This article explains how to use BTS’s Four Faces of Coaching framework in programs and coaching: what each “Face” represents, how to complete and score the self-questionnaire, how to interpret results, and a library of coaching prompts to apply in conversations.
Introduction & Purpose
The Four Faces of Coaching is a practical self-assessment and conversation guide. It helps you recognize where you are confident and effective as a coach and where you may want to stretch, across a full range of coaching actions and strengths.
Target Audience
- Leaders & Managers: Self-assess coaching tendencies and plan focused development.
- Facilitators & Coaches: Use the framework to structure feedback and development plans.
- Program / Project Teams: Include the questionnaire in journeys and workshops; debrief patterns.
The Four Faces: Overview
- Expert (Wisdom): Provides clarity and breaks down complexity; sets high standards; shares knowledge and shows how to do things thoroughly.
- Challenger (Courage): Calls out blind spots, gives tough feedback, stretches thinking, and motivates improvement.
- Counselor / Explorer (Respect): Listens deeply, helps people surface what’s really going on, and supports them to generate their own solutions. (Some BTS materials refer to this Face as “Explorer”.)
- Supporter (Care): Builds confidence, notices potential, praises progress, empowers and trusts others to take on challenges.
Questionnaire & Scoring
How to complete: For each statement, tick one box: Very Strong, Strong, Could Develop, or Must Develop.
Scoring (updated): Assign 3 points to Very Strong, 2 to Strong, 1 to Could Develop, and 0 to Must Develop. Sum points for each Face, then rank the Faces from 1 (most dominant) to 4 (least natural).
Example indicators by Face:
- Expert: respected role model; explains clearly; briefs tasks thoroughly.
- Challenger: addresses poor performance quickly; gives constructive negative feedback; helps people see bigger possibilities.
- Counselor/Explorer: people seek you for difficult issues; you’re comfortable with emotion; you help others find their own solutions.
- Supporter: builds confidence; praises readily; empowers and trusts others; finds stretching tasks for growth.
Using Your Results
- Identify your dominant Face: Which Face do you favor most often?
- Choose a development Face: Select one to strengthen that would positively impact your current coaching.
- Plan practice: Pair real conversations with the relevant prompt set (below) to build range across Faces.
Coaching Questions Library
Use these prompts to intentionally shift your stance in-the-moment:
- Challenger (Courage): What are you avoiding or reluctant to face? What assumption might you be making? If you had to challenge the status quo, where would you start? What’s the cost of not addressing this now?
- Counselor / Explorer (Respect): What feels unresolved or unspoken? If you set aside your usual lens, what new angle appears? What else could be true? What deeper opportunity might be here?

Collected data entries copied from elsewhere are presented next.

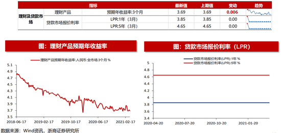 上周理财产品预期年收益率上升。上周理财产品预期年收益率(3个月)为3.69%(+0.006%)。
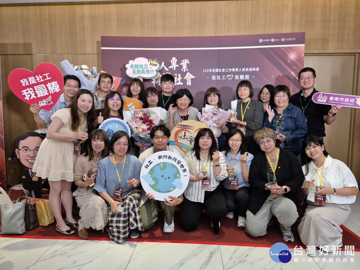 衛生福利部昨日舉辦「115年全國社會工作專業人員表揚典禮」,臺南市公私部門共有15位社工人員榮獲表揚,社會局郭乃文局長率隊北上領奬,並代表黃偉哲市長向得獎社工致贈祝賀花束,感謝社工人員長期在社福崗位上的辛勞付出,並提前祝賀所有社工4月2日全國社工日快樂。
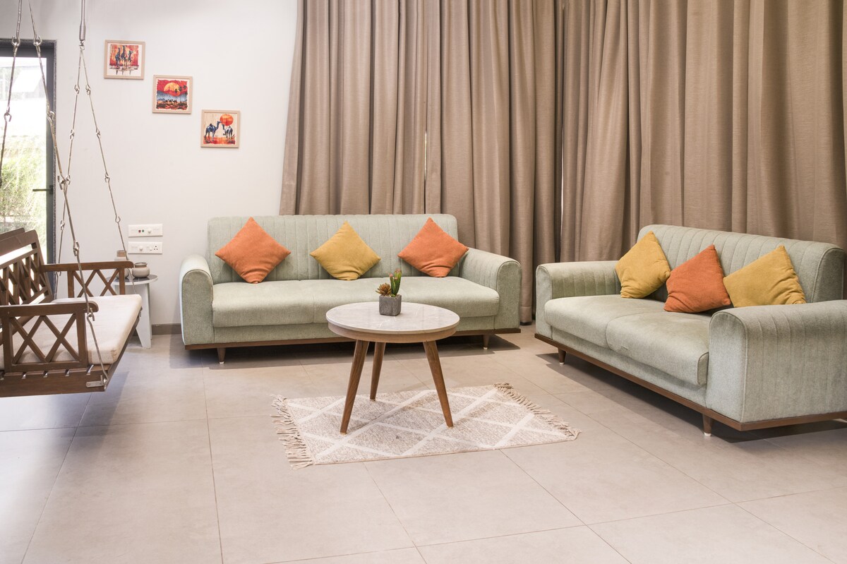 Fly till denna fridfulla 2BHK strax utanför Udvada stad – perfekt för avkoppling medan du håller kontakten. Njut av höghastighets Wi-Fi, TV med soundbar, ett fyllt kök, snacks, filtrerat vatten, tvättmaskin, torkställ och mysig inredning. Självincheckning via låsbox gör ankomsten enkel. Zomato och Swiggy levererar hit, och lokal resehjälp är bara ett meddelande bort. En perfekt vistelse för familjer, par eller ensamresenärer.
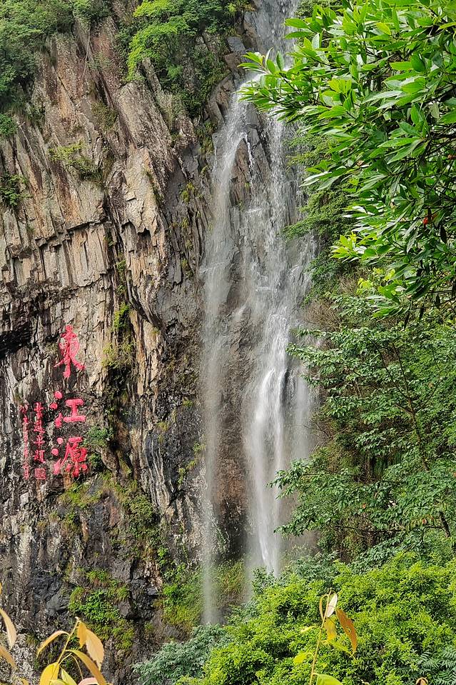东江第一瀑 又称福鳌塘瀑布,因题有“东江源”三字取名为“东江第一瀑”。瀑布落差近百米,气势雄伟。飞瀑两侧峭壁凌空,古木参天。飞瀑前方视野开阔,远处青山叠翠,林海苍茫,令人心旷神怡。
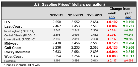 U.S. retail gasoline prices rose significantly by 10.2 cents/gallon to reach an average of $2.654/gallon during the week ended September 23. Prices rose in all PADDs and major submarkets. Retail prices for the current week were 19.0 cents per gallon lower than they were one year ago. Gasoline prices hit a peak of $2.903/gallon during the week ended October 8, 2018. Prices then slid downward for fourteen weeks in a row, shedding a total of 66.6 cents per gallon. In the next seventeen weeks, prices marched back up by 66.0 cents/gallon. Prices came very close to the peak they hit in early October, before the months of May and the June brought an easing of prices. Gasoline prices in May and June retreated by 23.3 cents per gallon. The week ended July 1st reversed that downward trend and sent prices up once again.
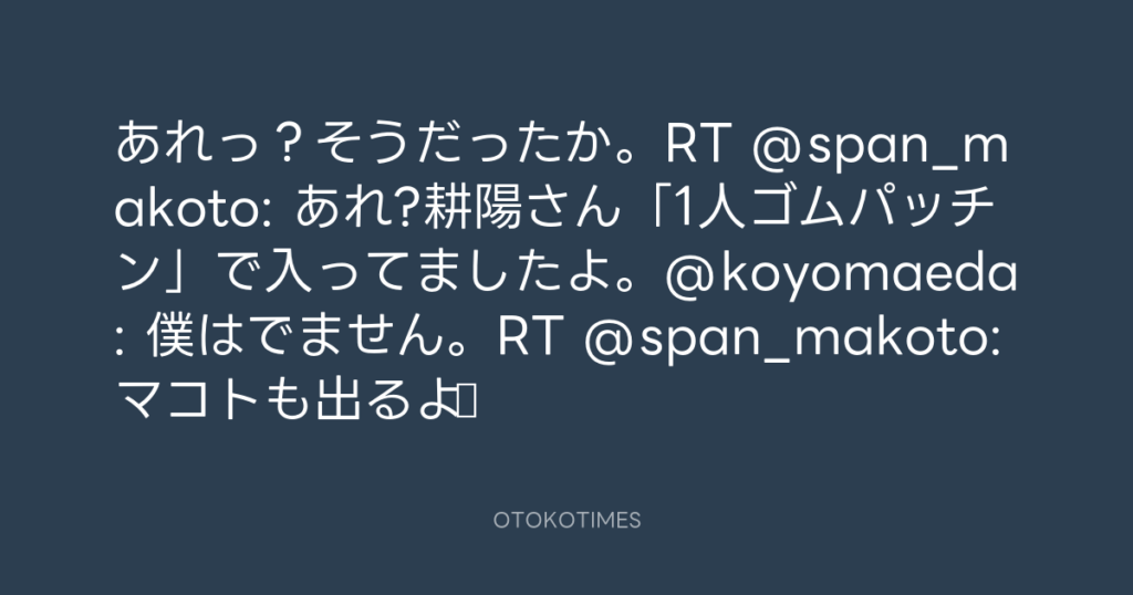 あれっ?そうだったか。RT @span_makoto: あれ?耕陽さん「1人ゴムパッチン」で入っ... -
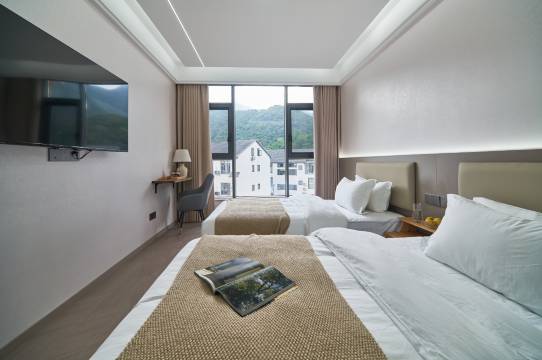 虽然这块民宿很多,因为离港首索道近,但放眼望去这家门口的设计就很出彩与众不同,有鱼池摇椅户外遮阳桌椅,层次丰富用心设计的花花草草。房间特别干净,装修设计和用材都很高级,看得出老板是有品味的人。我们是亲子房,设计很合理,有智能窗帘和马桶,还贴心的准备了一次性马桶垫和一次性大毛巾。老板特别热情周到,我是带老妈出来玩,出游的种种问题都细心周到的帮我完美解决,还免费帮我把行李送到金沙索道,连油钱都不肯收,太感谢老板了,㊗️老板生意一直兴隆!
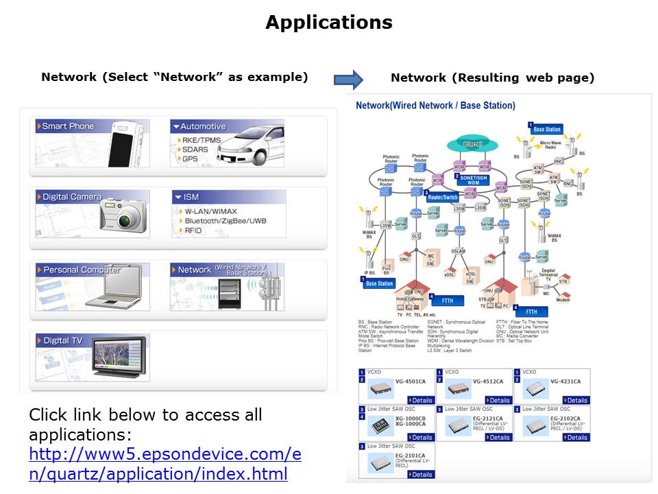 Timing devices like SPXOs and VCXOs can be found in all sorts of electronic applications. On Epson’s website, one may find the recommended timing devices categorized by the various features and functions of the associated application. Shown here is an example for a network application.
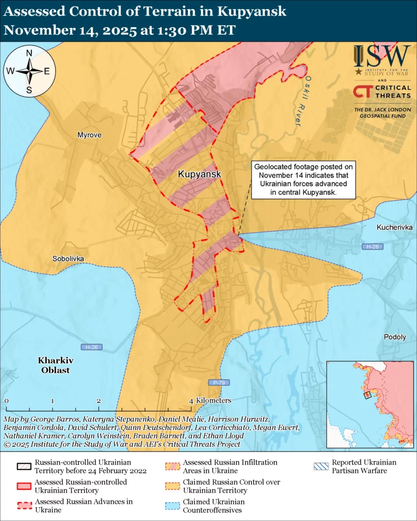 Refinement of areas under Russian claims: Geolocated footage published on November 13 and 14 indicates that Ukrainian forces maintained positions or recently advanced in central Kupyansk and east of Petropavlivka — areas where Russian sources previously claimed that Russian forces maintained a presence.[54]

- Expert (Wisdom): What do you most need clarity on? Would a framework help? What would success look like step-by-step? Where are the knowledge gaps?
- Supporter (Care): What are you proud of in how you’re handling this? What strengths can you leverage? What small step would feel like progress today? How can I best champion you right now?
Watchouts & Considerations
- Balance your stance: Over-reliance on one Face can limit growth—practice flexing to what the coachee and context need.
- Score is a signal, not a label: Use totals to guide development; validate with reflection and feedback.
- Psychological safety: When using Challenger prompts, maintain care and respect to keep the conversation productive.